◆ WHAT YOU ARE ASKED TO DO ◆
Each entry below should be output exactly, apart from its images.
##### DATA EXTRACT
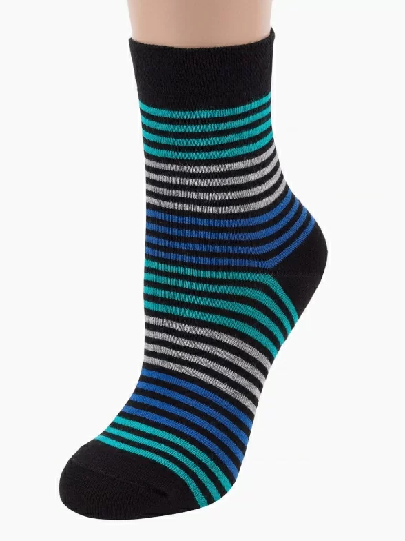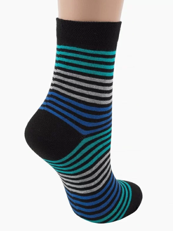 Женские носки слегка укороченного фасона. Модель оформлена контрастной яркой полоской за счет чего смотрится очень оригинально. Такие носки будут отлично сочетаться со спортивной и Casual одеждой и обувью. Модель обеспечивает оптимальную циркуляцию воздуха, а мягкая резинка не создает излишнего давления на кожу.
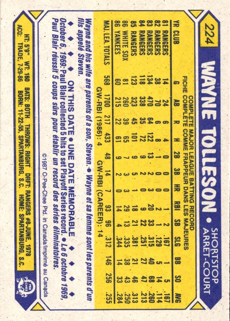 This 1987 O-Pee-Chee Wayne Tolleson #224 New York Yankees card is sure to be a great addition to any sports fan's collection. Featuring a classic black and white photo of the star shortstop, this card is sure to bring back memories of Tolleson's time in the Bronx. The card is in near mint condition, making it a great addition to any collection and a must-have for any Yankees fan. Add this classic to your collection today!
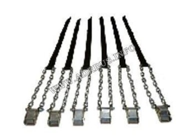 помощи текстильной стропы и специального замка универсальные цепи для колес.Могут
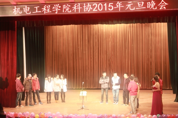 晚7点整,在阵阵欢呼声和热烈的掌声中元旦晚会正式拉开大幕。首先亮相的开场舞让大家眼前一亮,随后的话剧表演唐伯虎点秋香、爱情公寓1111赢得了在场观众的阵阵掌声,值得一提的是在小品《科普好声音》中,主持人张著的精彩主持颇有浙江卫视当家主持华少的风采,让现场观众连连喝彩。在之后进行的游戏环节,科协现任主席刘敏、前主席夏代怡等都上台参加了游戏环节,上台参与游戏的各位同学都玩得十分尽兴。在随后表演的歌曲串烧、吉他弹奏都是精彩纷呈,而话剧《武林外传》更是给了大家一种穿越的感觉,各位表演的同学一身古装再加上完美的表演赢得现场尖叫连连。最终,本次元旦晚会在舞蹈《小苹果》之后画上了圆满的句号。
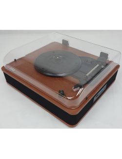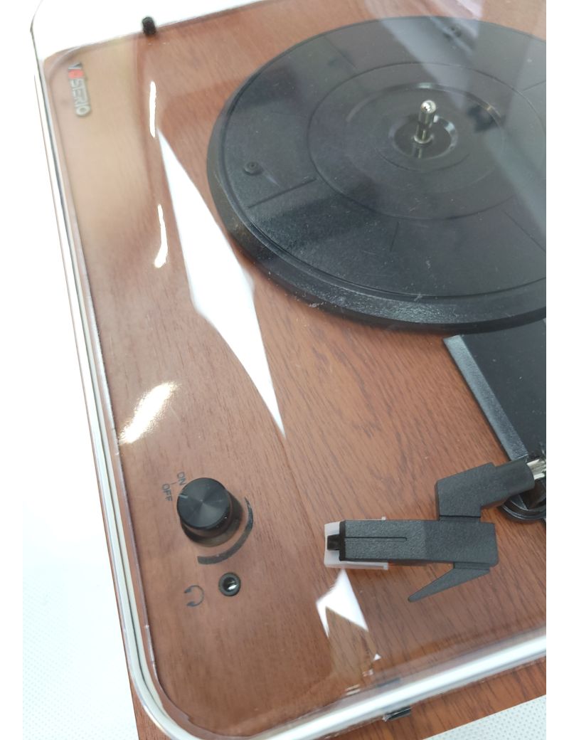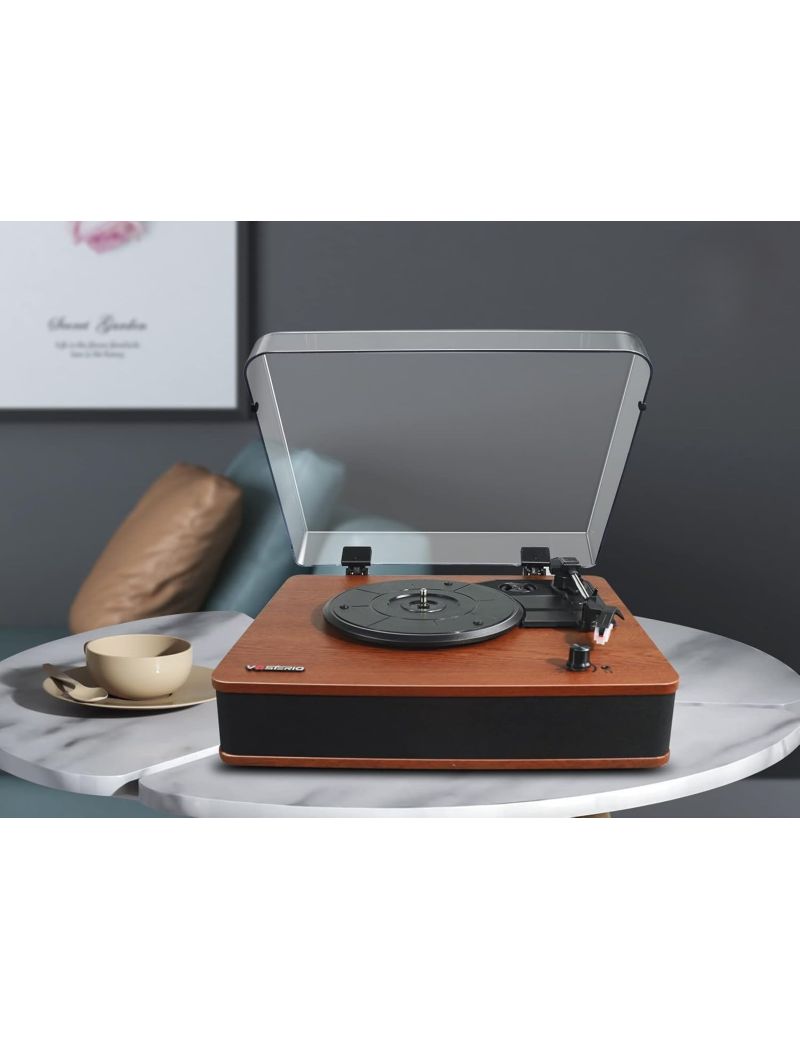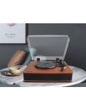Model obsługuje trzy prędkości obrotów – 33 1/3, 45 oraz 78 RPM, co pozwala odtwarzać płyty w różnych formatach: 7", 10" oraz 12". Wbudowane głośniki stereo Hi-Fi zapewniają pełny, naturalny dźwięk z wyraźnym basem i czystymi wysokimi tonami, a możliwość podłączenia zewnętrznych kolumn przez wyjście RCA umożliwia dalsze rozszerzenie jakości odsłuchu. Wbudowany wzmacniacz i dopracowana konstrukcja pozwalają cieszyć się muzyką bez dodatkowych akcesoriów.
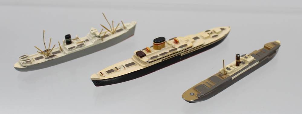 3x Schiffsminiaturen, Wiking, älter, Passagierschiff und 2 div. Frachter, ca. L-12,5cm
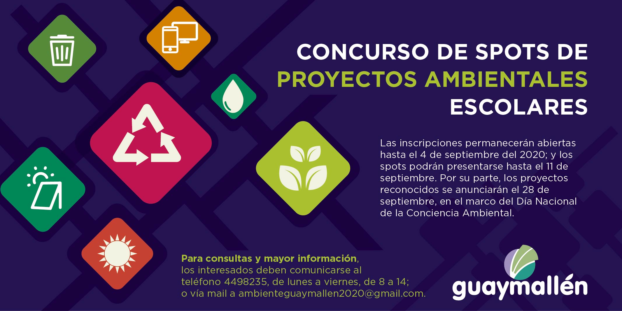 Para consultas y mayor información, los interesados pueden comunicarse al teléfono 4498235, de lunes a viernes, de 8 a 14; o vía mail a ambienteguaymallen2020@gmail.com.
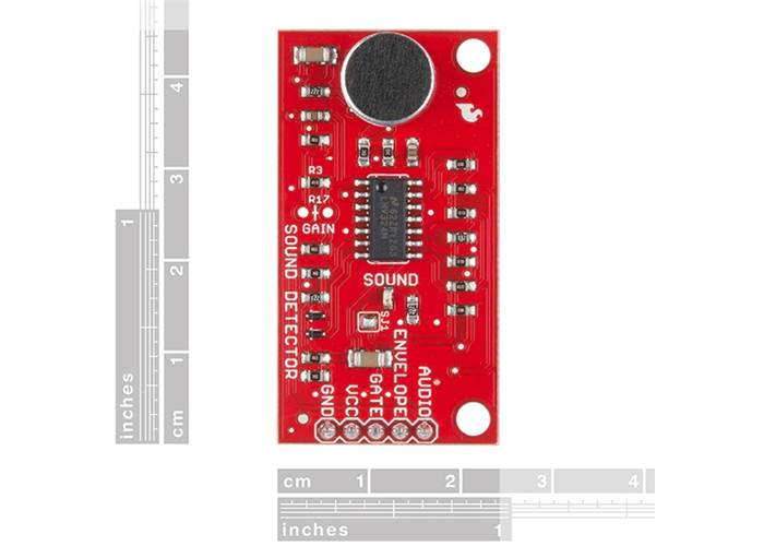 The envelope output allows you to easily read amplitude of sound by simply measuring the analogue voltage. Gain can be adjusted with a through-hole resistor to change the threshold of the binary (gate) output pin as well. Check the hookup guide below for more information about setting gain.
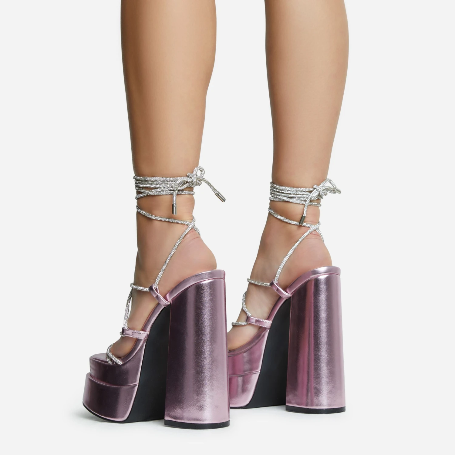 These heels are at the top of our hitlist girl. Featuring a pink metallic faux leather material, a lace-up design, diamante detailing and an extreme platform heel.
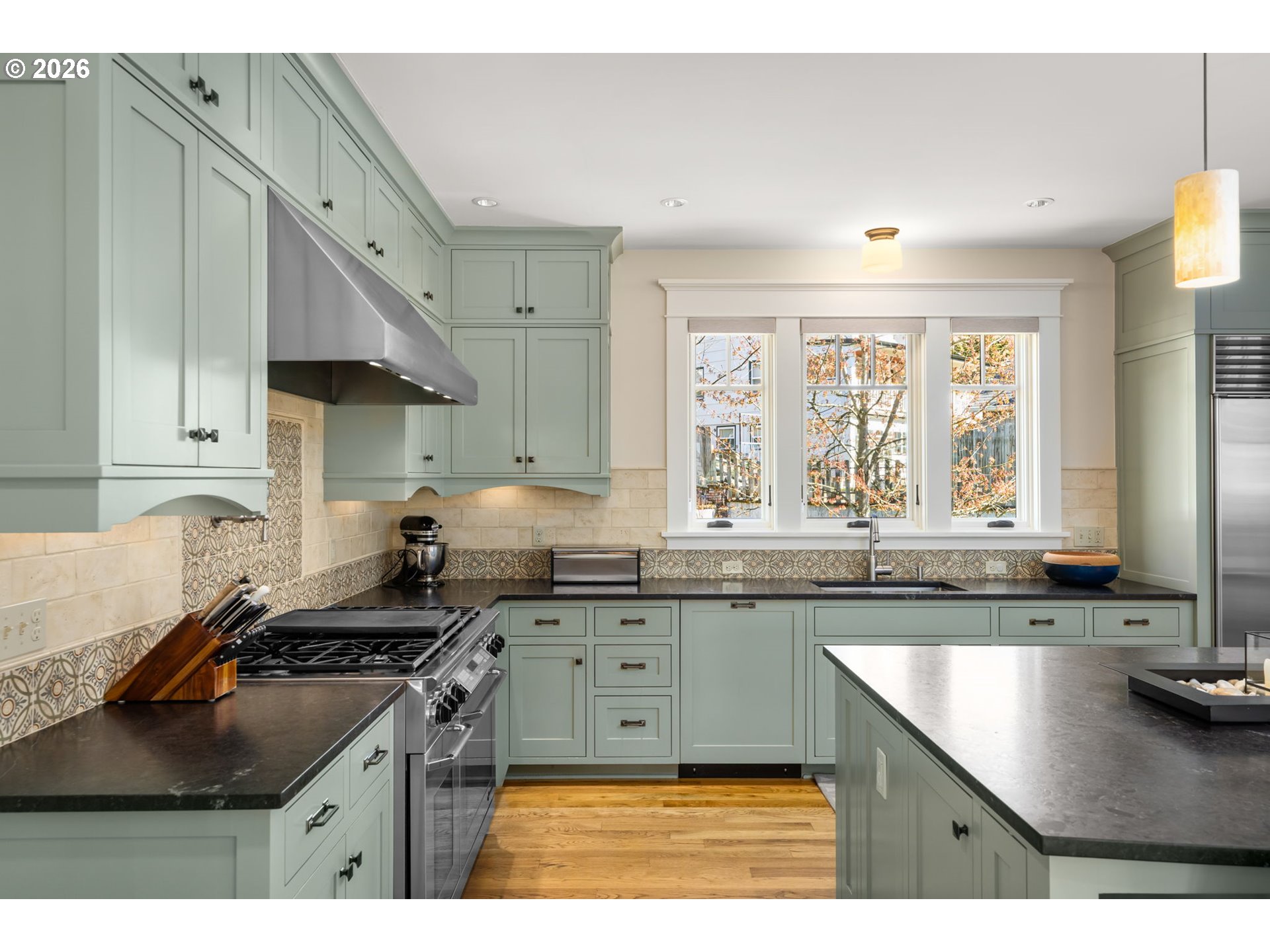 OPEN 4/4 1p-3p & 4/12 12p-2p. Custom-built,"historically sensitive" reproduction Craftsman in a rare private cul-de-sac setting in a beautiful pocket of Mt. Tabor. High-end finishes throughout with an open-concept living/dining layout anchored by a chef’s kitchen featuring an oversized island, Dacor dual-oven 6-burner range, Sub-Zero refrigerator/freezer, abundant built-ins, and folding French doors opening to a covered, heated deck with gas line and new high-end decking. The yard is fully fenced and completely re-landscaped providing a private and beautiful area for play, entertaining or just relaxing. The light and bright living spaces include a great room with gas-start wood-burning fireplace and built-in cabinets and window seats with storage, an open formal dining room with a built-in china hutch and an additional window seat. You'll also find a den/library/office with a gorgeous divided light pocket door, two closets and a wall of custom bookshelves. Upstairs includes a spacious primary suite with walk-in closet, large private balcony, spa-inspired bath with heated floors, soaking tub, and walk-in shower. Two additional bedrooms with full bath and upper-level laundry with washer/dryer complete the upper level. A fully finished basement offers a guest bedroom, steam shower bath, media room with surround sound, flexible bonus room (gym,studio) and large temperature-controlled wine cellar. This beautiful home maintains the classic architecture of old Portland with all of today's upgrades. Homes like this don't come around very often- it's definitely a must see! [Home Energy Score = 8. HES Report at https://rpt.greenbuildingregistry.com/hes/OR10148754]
##########
◆ OUTPUT OF THE TASK ◆
 Женские носки слегка укороченного фасона. Модель оформлена контрастной яркой полоской за счет чего смотрится очень оригинально. Такие носки будут отлично сочетаться со спортивной и Casual одеждой и обувью. Модель обеспечивает оптимальную циркуляцию воздуха, а мягкая резинка не создает излишнего давления на кожу.
 This 1987 O-Pee-Chee Wayne Tolleson #224 New York Yankees card is sure to be a great addition to any sports fan's collection. Featuring a classic black and white photo of the star shortstop, this card is sure to bring back memories of Tolleson's time in the Bronx. The card is in near mint condition, making it a great addition to any collection and a must-have for any Yankees fan. Add this classic to your collection today!
 помощи текстильной стропы и специального замка универсальные цепи для колес.Могут
 晚7点整,在阵阵欢呼声和热烈的掌声中元旦晚会正式拉开大幕。首先亮相的开场舞让大家眼前一亮,随后的话剧表演唐伯虎点秋香、爱情公寓1111赢得了在场观众的阵阵掌声,值得一提的是在小品《科普好声音》中,主持人张著的精彩主持颇有浙江卫视当家主持华少的风采,让现场观众连连喝彩。在之后进行的游戏环节,科协现任主席刘敏、前主席夏代怡等都上台参加了游戏环节,上台参与游戏的各位同学都玩得十分尽兴。在随后表演的歌曲串烧、吉他弹奏都是精彩纷呈,而话剧《武林外传》更是给了大家一种穿越的感觉,各位表演的同学一身古装再加上完美的表演赢得现场尖叫连连。最终,本次元旦晚会在舞蹈《小苹果》之后画上了圆满的句号。
Model obsługuje trzy prędkości obrotów – 33 1/3, 45 oraz 78 RPM, co pozwala odtwarzać płyty w różnych formatach: 7", 10" oraz 12". Wbudowane głośniki stereo Hi-Fi zapewniają pełny, naturalny dźwięk z wyraźnym basem i czystymi wysokimi tonami, a możliwość podłączenia zewnętrznych kolumn przez wyjście RCA umożliwia dalsze rozszerzenie jakości odsłuchu. Wbudowany wzmacniacz i dopracowana konstrukcja pozwalają cieszyć się muzyką bez dodatkowych akcesoriów.
 3x Schiffsminiaturen, Wiking, älter, Passagierschiff und 2 div. Frachter, ca. L-12,5cm
 Para consultas y mayor información, los interesados pueden comunicarse al teléfono 4498235, de lunes a viernes, de 8 a 14; o vía mail a ambienteguaymallen2020@gmail.com.
 The envelope output allows you to easily read amplitude of sound by simply measuring the analogue voltage. Gain can be adjusted with a through-hole resistor to change the threshold of the binary (gate) output pin as well. Check the hookup guide below for more information about setting gain.
 These heels are at the top of our hitlist girl. Featuring a pink metallic faux leather material, a lace-up design, diamante detailing and an extreme platform heel.
 OPEN 4/4 1p-3p & 4/12 12p-2p. Custom-built,"historically sensitive" reproduction Craftsman in a rare private cul-de-sac setting in a beautiful pocket of Mt. Tabor. High-end finishes throughout with an open-concept living/dining layout anchored by a chef’s kitchen featuring an oversized island, Dacor dual-oven 6-burner range, Sub-Zero refrigerator/freezer, abundant built-ins, and folding French doors opening to a covered, heated deck with gas line and new high-end decking. The yard is fully fenced and completely re-landscaped providing a private and beautiful area for play, entertaining or just relaxing. The light and bright living spaces include a great room with gas-start wood-burning fireplace and built-in cabinets and window seats with storage, an open formal dining room with a built-in china hutch and an additional window seat. You'll also find a den/library/office with a gorgeous divided light pocket door, two closets and a wall of custom bookshelves. Upstairs includes a spacious primary suite with walk-in closet, large private balcony, spa-inspired bath with heated floors, soaking tub, and walk-in shower. Two additional bedrooms with full bath and upper-level laundry with washer/dryer complete the upper level. A fully finished basement offers a guest bedroom, steam shower bath, media room with surround sound, flexible bonus room (gym,studio) and large temperature-controlled wine cellar. This beautiful home maintains the classic architecture of old Portland with all of today's upgrades. Homes like this don't come around very often- it's definitely a must see! [Home Energy Score = 8. HES Report at https://rpt.greenbuildingregistry.com/hes/OR10148754]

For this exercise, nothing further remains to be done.